Кто-то весьма влиятельный заинтересовался Эпицентром. Но удовлетворить свой интерес он может только с помощью обитателей Зоны. Потому стал искать нужные контакты. В том, что контакт с Комодом состоялся, и очень плотный контакт, сомневаться не приходилось. А с кем еще? Вряд ли влиятельный инициатор затеи удовольствовался якшанием с бандитским авторитетом, метящим в «крестные отцы». Наверняка у него есть и другие помощники внутри периметра.

На пути упомянутого неизвестного (или неизвестных, что вероятней), видимо, встал Монгол. Монгол такой субъект, что мог встать на пути у кого угодно.

Ему сопутствовала удача и все сходило с рук. Скорее всего, он тоже пользовался чьим-то весьма влиятельным покровительством. Иначе, при всех своих незаурядных способностях, немногого бы он достиг.

Теперь Монгол вляпался в слишком серьезную тему. Такую серьезную, что кто-то не остановился ни перед чем, вплоть до физического устранения препятствия. А я нынче, по сути, остался сам по себе – Ездок по кличке Серый. И никаких «товарищей майоров»! Пошли они со своими майорами, служебным долгом и высокими принципами, которые всем давно до лампочки.

После «горячих точек», геройств, наград и ранений меня отправили с семьей на отдых – в этот заштатный город в далекой провинции, бюрократический, сонный, в котором все вдоль и поперек давно поделено и никаких потрясений нет и быть не может. Конечно, мое начальство хотело как лучше. Оно не могло предполагать, что этот сонный, блистающий захолустной помпезностью город ни с того ни с сего превратится в ад. У меня не было родных, кроме жены и сына, и мое добросердечное начальство предполагало дать мне поостыть в кругу семьи – прежде чем сунуть в очередную мясорубку. Где оно теперь, мое прежнее начальство?! С женой и сыном я встречусь на том свете, в который не верю. В санлагерь я не пойду ни за что. Но и ухлопать себя как куренка не позволю.

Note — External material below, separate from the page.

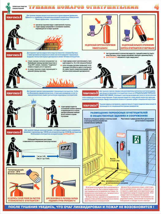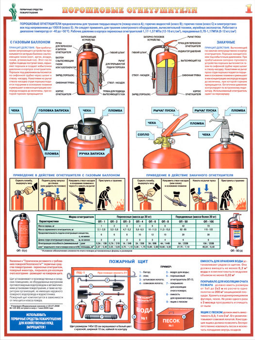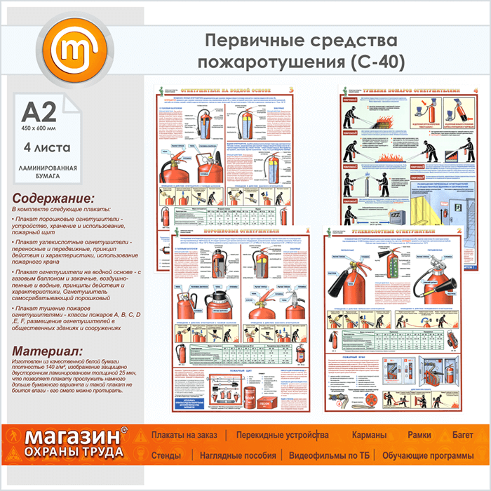 Плакаты «Первичные средства пожаротушения» (С-40, ламинированная бумага, А2, 4 листа) в Видном купить

Мне нет дела до их возни, грызни и жадности. Признаться, мне наплевать на судьбы мира. Мою честь и чувство долга насмерть затрахали те, кто разворовывал и предавал, пока мы воевали с «духами», прочесывали «зеленку», взрывали схроны, теряли товарищей в боестолкновениях, от подлых выстрелов из-за угла и заложенной на людных улицах взрывчатки. Я насмотрелся на такое, от чего моя совесть увяла и скукожилась, как забытая на подоконнике герань в заброшенном доме. Теперь я накрепко застрял в Зоне, и единственное, что меня может интересовать, – как подольше продержаться, как прокормиться, чем заправить машину и зарядить автомат?

Как не дать опрокинуть себя всяким Комодам, Генералам и им подобным.

Одним словом – как выжить. Шансы на это у меня есть. Только не надо лезть в чужие дела, которые теперь, после всего случившегося, действительно стали для меня абсолютно чужими.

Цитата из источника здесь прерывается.